Life after Georgia: Questions about a pro-life Democrat in U.S. Senate and other issues ...

Once upon a time, there were these strange political unicorns called “pro-life Democrats.” They were often, but not always, part of another endangered species called “blue-dog Democrats.”

Most of these unique politicos were in the U.S. House of Representatives, but there were occasional — but increasingly rare — sightings in the U.S. Senate. After all, Tennessean Al Gore had an 84% rating with National Right to Life when he was a congressman, but that changed — for the most part — when he became a senator. And as vice president? Forget about it.

This brings us to the thought for the day, a quote drawn from a mini-firestorm in the Democratic Party back in 2017. Here is a quote from an “On Religion” column at that time:

… Democratic National Committee Chairman Tom Perez drew another bright line defining who participates in the work of his party.

"Every Democrat, like every American," he said, "should support a woman's right to make her own choices about her body and her health. This is not negotiable and should not change city by city or state by state." In fact, he added, "every candidate who runs as a Democrat" should affirm abortion rights.

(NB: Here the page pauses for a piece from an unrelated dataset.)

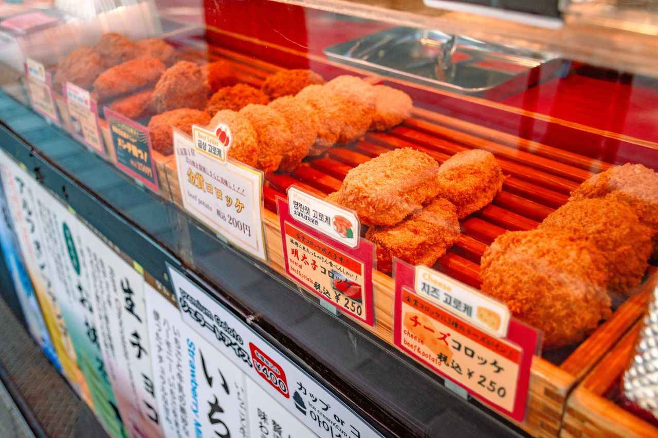 가장 인기 있는 '금상 고로케' 이외에도 후쿠오카만의 '현지 명태 고로케'와 고기가 가득한 '멘치 이긴다' 등 메뉴가 다양한데요. 특히 주말에는 더 많은 종류의 고로케가 등장한다고 하니 고르는 재미를 위해서는 주말 방문?
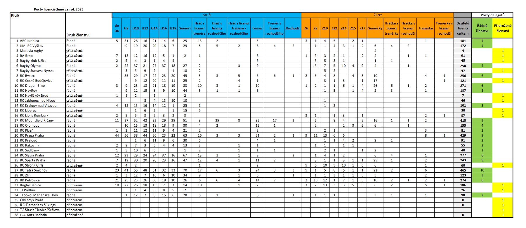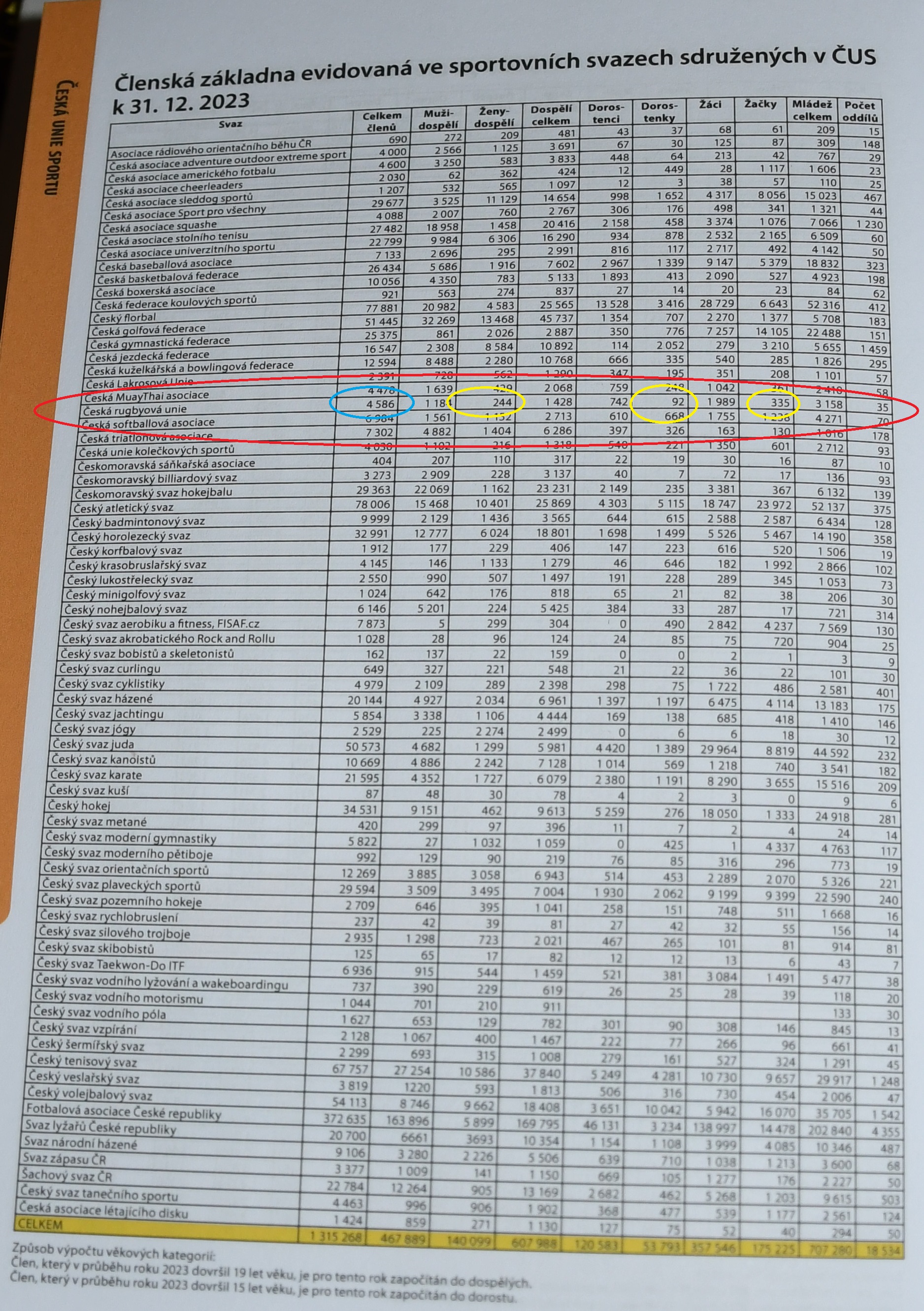 Tabulka o počtu členů a členek České rugbyové unie tak, jak byla čísla uvedena v publikaci Ročenka ČUS 2023 dokazuje, že na jednu ragbistku připadá sedm ragbistů.

What if that state is West Virginia?

Some key Democrats quickly stepped forward in 2017 — including Rep. Nancy Pelosi — to suggest that Perez wasn’t speaking for all top Democrats. Still, the party’s stance on abortion rights and funding continued to veer further and further to the cultural and religious left, eventually causing one Joe Biden to shed the last scraps of his once “centrist” stance.

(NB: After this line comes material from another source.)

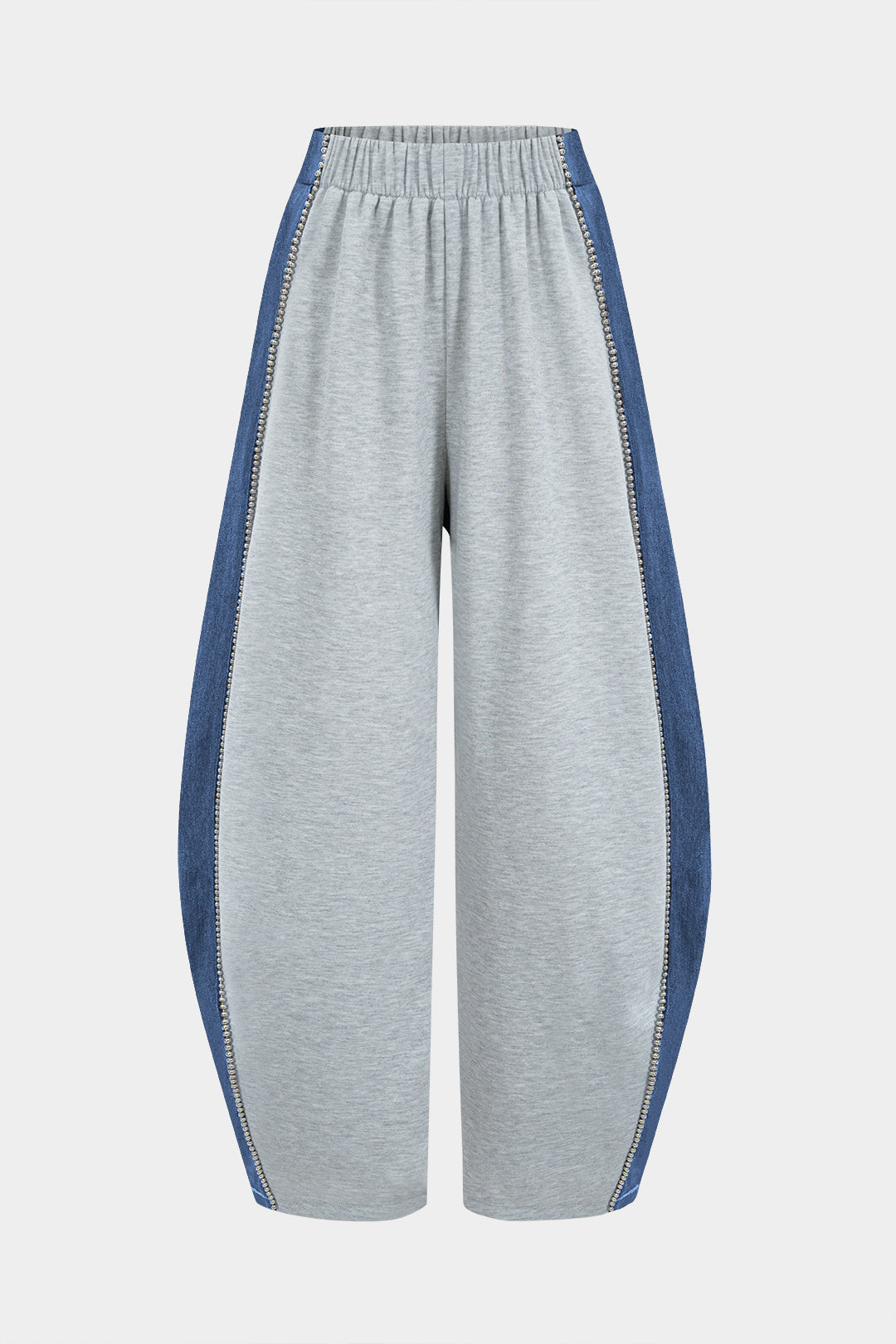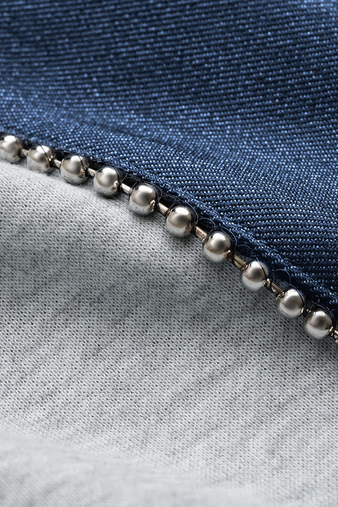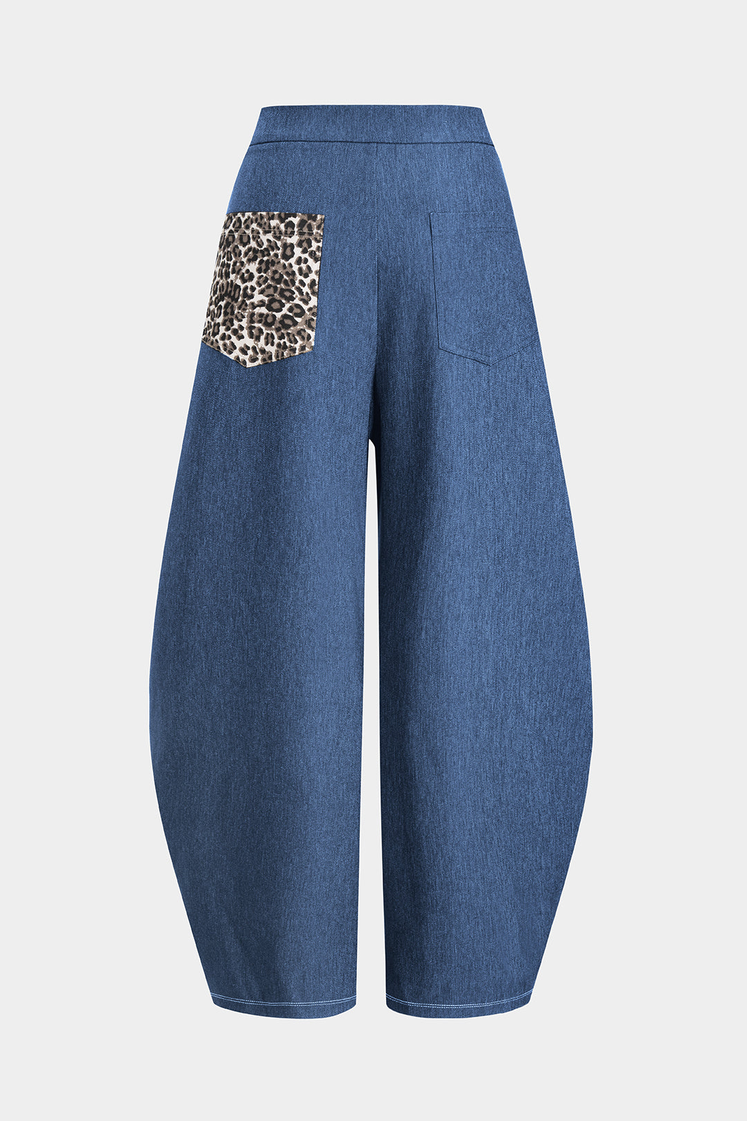 Leopard Print Denim Patchwork Beaded Pocket Pants

This, of course, brings us to religion-beat angles in the aftermath of the Georgia earthquake, in which Democrats — Black and White — and other anti-Donald Trump voters appear to have handed the Democrats the slimmest possible control of the U.S. Senate.

This brings us to Sen. Joe Manchin of West Virginia, a conservative Democrat and active Roman Catholic who has been endorsed by Democrats for Life, even though his record on that issue has become rather complex. He remains a throwback to the days when it was perfectly normal to be a Democrat and a cultural conservative. One can imagine the pressure he faces from establishment Democrats.

Well, how many Democrats want to toss Manchin out of the party right now?